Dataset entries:
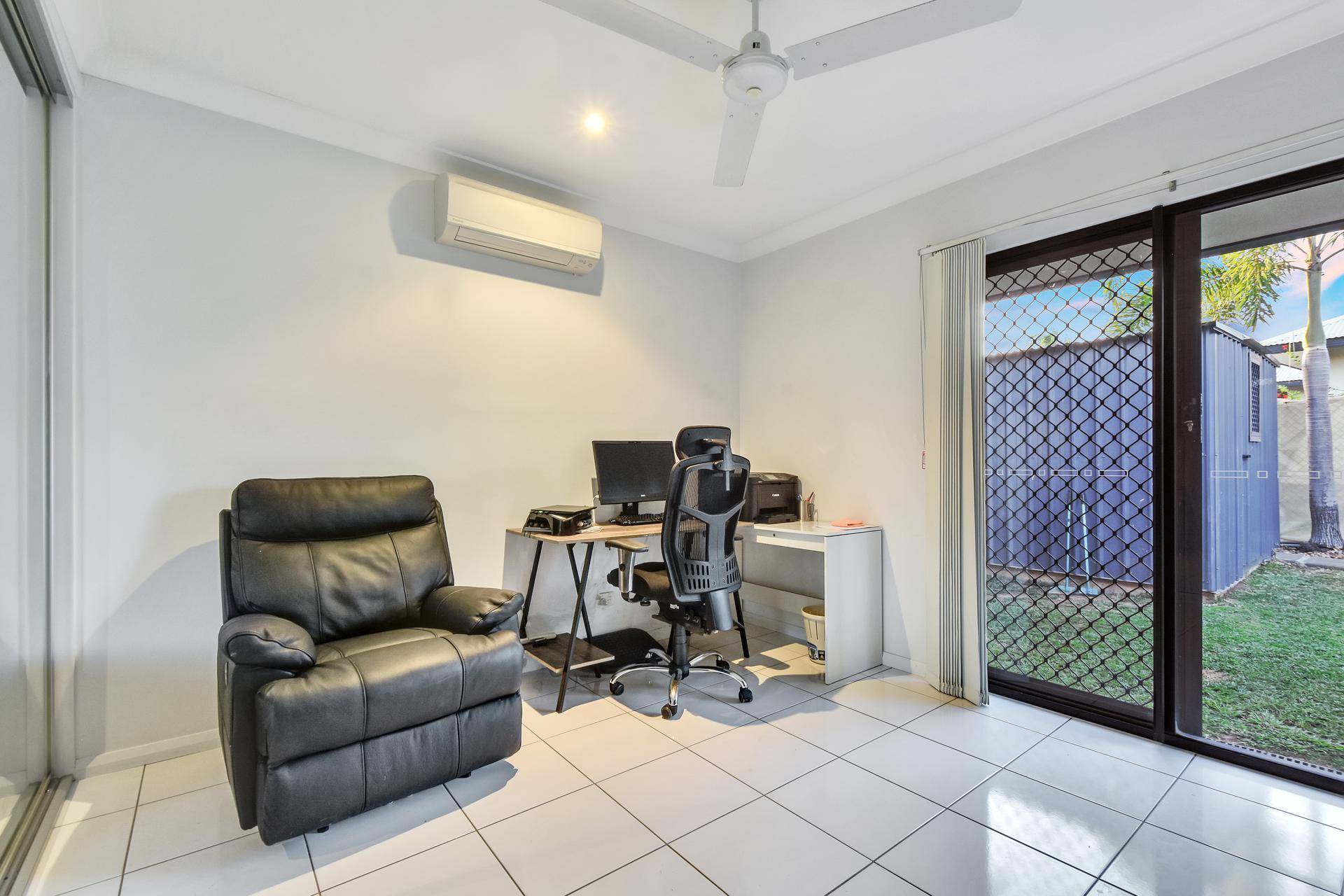 Two bedrooms are rear facing both has sliding door access directly through to the outside entertaining areas and lawn and a third shelter bedroom each include built in robes and A/C along with tiled flooring.
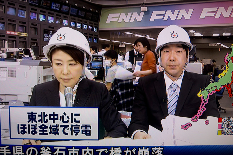 Quand Thomas et moi sommes sortis pour retrouver Noriko avec qui j’arrivais à avoir des mails épisodiques via son téléphone, nous avons découvert un Tokyo comme nous ne l’avions jamais vu : des embouteillages à des endroits inhabituels bien sûr mais surtout, des gens partout… des milliers de gens marchant dans les rues pour rentrer chez eux ou du moins se diriger vers leur habitation. Parmi eux, des gens avec des casques de sécurité, des casques qu’on trouve dans tous les tiroirs de bureaux dans toutes les entreprises du pays. Très impressionnant. Quand il pleut, les magasins se frottent les mains car ils multiplient leur vente de parapluies qu’on trouve pour pas grand chose ici. Hier soir, ce sont les vendeurs de vélo qui se frottaient les mains. Comme les supérettes et les restaurants, ils ont été pris d’assaut permettant à certains de rentrer chez eux.
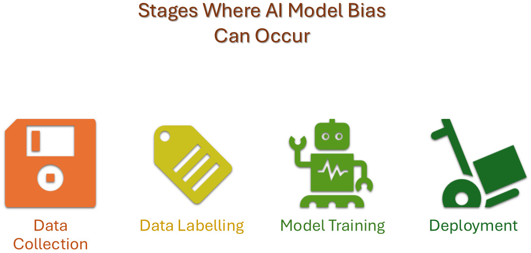 - Cognitive Bias: Developers’ own unconscious biases or stereotypes can influence data collection, labeling, feature selection, and model evaluation. Confirmation bias, where developers look for evidence that confirms their existing beliefs, is a common example.
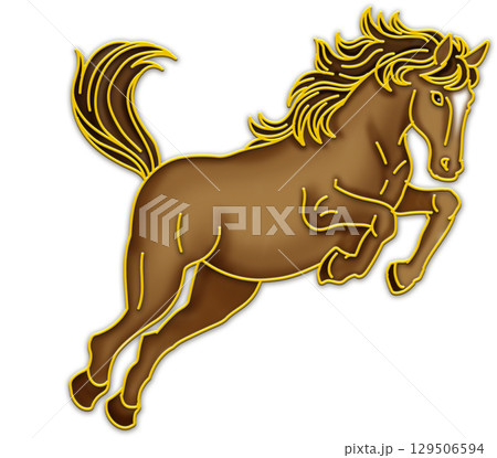 馬のイラスト_午年_ウマ年_午年の年賀状_ジャンプする茶色い馬のイラスト_右向き
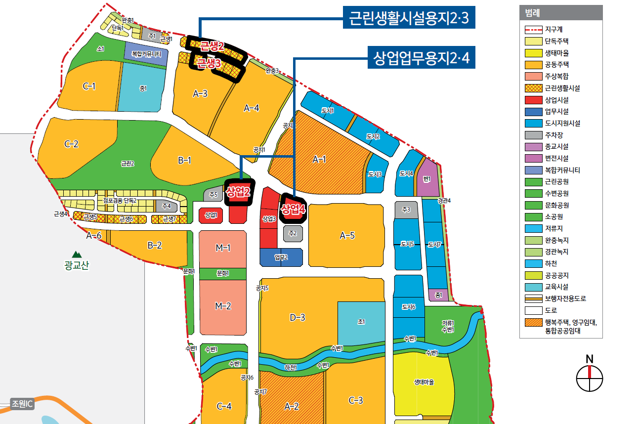 ▷대금납부조건은 상업용지 와 근린생활시설용지 모두 1년 거치 3년 유이자 분할납부 이며, 공급방법은 경쟁입찰입니다.
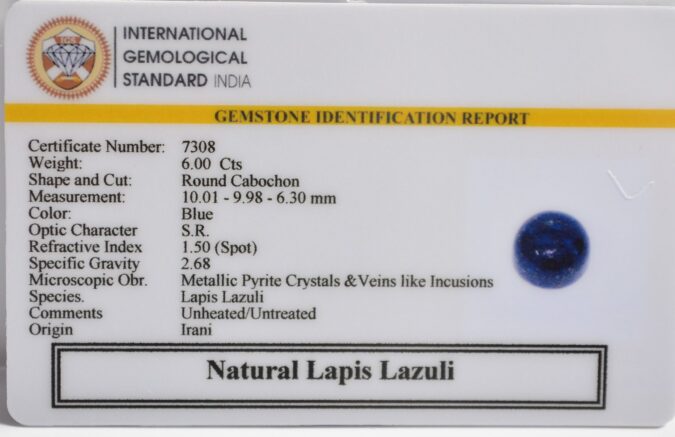 Beautiful 6 Cts Natural Lapis Lazuli (Top-Mines) sva 6+ Ratti LAPIS LAZULI. Free Horoscope & Free Pundit Ji Astrological Advise / Consultation. Original Natural Lab certified gems by IGI GTL / Birth stones / Large Gem Selection of shree shubh Rashi Ratan Vedic dhan at Gem Mines. May Bhagwan Brahma, Vishnu, Shiv & Universe bless you.
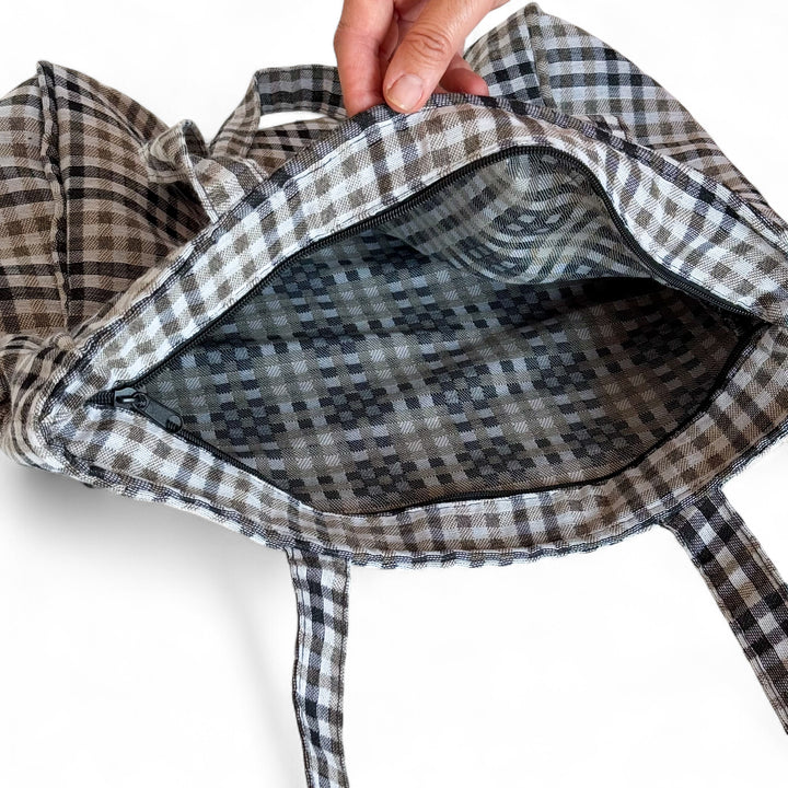 Bolsa mediana con cremallera en la parte superior y asas para llevar al hombro. Con bolsillos laterales. Con tejido grueso de jacquard con estampado a cuadros beige y negro. Para su correcto mantenimiento se aconseja lavarlo en frío a mano y no utilizar la secadora.

* [What this task involves]:
Above are the records; restate exactly the lines from the one containing "- Cognitive Bias: Developers’" through the one containing "Beautiful 6 Cts", keeping pictures out.

* [Written reply]:
 - Cognitive Bias: Developers’ own unconscious biases or stereotypes can influence data collection, labeling, feature selection, and model evaluation. Confirmation bias, where developers look for evidence that confirms their existing beliefs, is a common example.
 馬のイラスト_午年_ウマ年_午年の年賀状_ジャンプする茶色い馬のイラスト_右向き
 ▷대금납부조건은 상업용지 와 근린생활시설용지 모두 1년 거치 3년 유이자 분할납부 이며, 공급방법은 경쟁입찰입니다.
 Beautiful 6 Cts Natural Lapis Lazuli (Top-Mines) sva 6+ Ratti LAPIS LAZULI. Free Horoscope & Free Pundit Ji Astrological Advise / Consultation. Original Natural Lab certified gems by IGI GTL / Birth stones / Large Gem Selection of shree shubh Rashi Ratan Vedic dhan at Gem Mines. May Bhagwan Brahma, Vishnu, Shiv & Universe bless you.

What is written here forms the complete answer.